Tony Woodlief | Author

Jesus Wept

I’ve realized lately that my patience with bureaucracy and hypocrisy and politics has nearly reached its limit, which is unusual for me. I like to think that as a student of organizations I have more patience with them. But as I lay in bed yesterday morning, wishing it was Saturday instead of Thursday, pondering the immediately relevant portion of Adam’s curse (By the sweat of your face you will eat bread), I remembered that I needed to put on my charcoal suit and dark tie. I remembered that I would be leaving work that afternoon to go to a funeral. I remembered that for all my self-pity, it wasn’t me burying my daughter that day.

The funeral was filled with beautiful young people, a testimony to the widespread admiration for the departed young woman, as well as to the shock of death when it intrudes so early in life. We all watched the coffin carried in, followed by the family, and it struck me how a funeral is arranged much like a wedding. Indeed, her mother had prepared a wedding cake for her, to be served at the reception afterward, since there is to be no wedding for this girl on earth.

We stared, until her father left the group and walked slowly to her coffin, perhaps to whisper something to her, or to pray; I don’t think any of us know, because all of us — or perhaps just the fathers — averted our eyes. Some things are too terrible and sacred to witness.

Her cousin played the piano and sang two songs so sweetly that I don’t think I’ll ever listen to them again, because the professionals who recorded them never sang them as well, can’t impart to them the immediate meaning that he did, glancing at his cousin’s coffin as he cried and sang the words.

I don’t remember anything either of the presiding pastors said, except that the grieving were exhorted to rejoice.
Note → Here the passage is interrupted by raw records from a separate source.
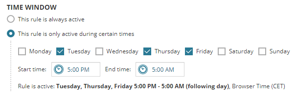 Expand Advanced Settings and specify how much time to prevent rule from firing for flood protection. The default value is no cooldown time.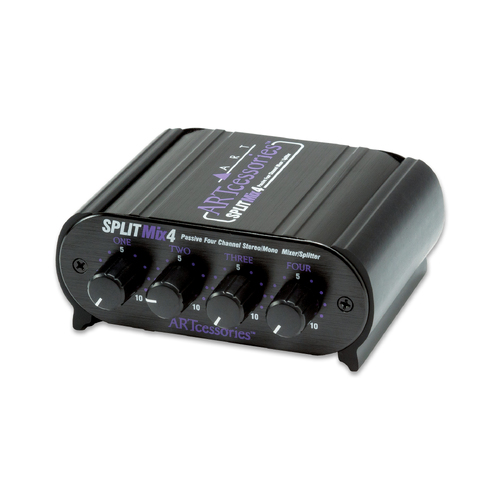 The SPLITMix4 is a fully passive hybrid mixer that offers a wide variety of configurations. Mix 4 stereo input channels down to 1 stereo output, split a stereo input signal to distribute 4 stereo output channels, or combine the configurations for a wide range of applications. You can even configure the SPLITMix4 as 4 stereo input channels thru 4 independent level attenuators to 4 stereo output channels.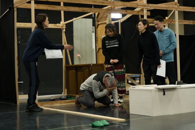 この場面を通した時点で、冨坂はキャストそれぞれに向けて緻密にリクエストを出していく。少し食い気味だった由美子のツッコミには「スピード感があっていいのだけど、治が過剰に泣いていることも観客にしっかり伝えておきたいのでもうワンテンポ待ってみて」というようなオーソドックスな注文があるのはもちろんのこと、部屋にあったギターを見つけて治が歌い出すところでは「自分勝手に振る舞う治の歌の合間に、由美子の合いの手がシンバルのように入る感じで」と言ったり、また千聖がその元夫婦のやりとりに割り込んでいくタイミングには「そこでボールを奪うように千聖のターンに移る」といった注文の仕方をしていて、わかりやすく面白い。部屋にいる人々の中で、由美子と尾田のコンビ、そのほかの面々とでグループ分けするようにリアクションに濃淡をつけたいと言っていたのも視覚的な効果が期待できそうで印象的だった。

I think if I ever preside over a funeral, I will begin with John 11:33:

When Jesus therefore saw her weeping, and the Jews who came with her also weeping, He was deeply moved in spirit and was troubled, and said, “Where have you laid him?” They said to Him, “Lord, come and see.”

Jesus wept.

The head trained in theology tells us the one we love is in heaven, but our heart and flesh cry out because she is gone. The heart learns the mysteries of God at a slow pace. Do you want to know what Jesus would do at a funeral, were he again on this side of Heaven’s veil with us? Jesus wept.

Perhaps I didn’t forget what the pastors had to say but simply ignored them, much as I admire each. It was the father I wanted to hear, and for whom I prayed as he made his way to the altar to give the eulogy for his child. He honored her memory and name greatly. I was ashamed, listening to him speak out of a place of heartbreak and courage, to recall that only hours before I had wallowed in my bedsheets and my self-pity, bemoaning my miserable lot in life. Any day we do not bury someone we love is a good day. This is what I was reminded of yesterday.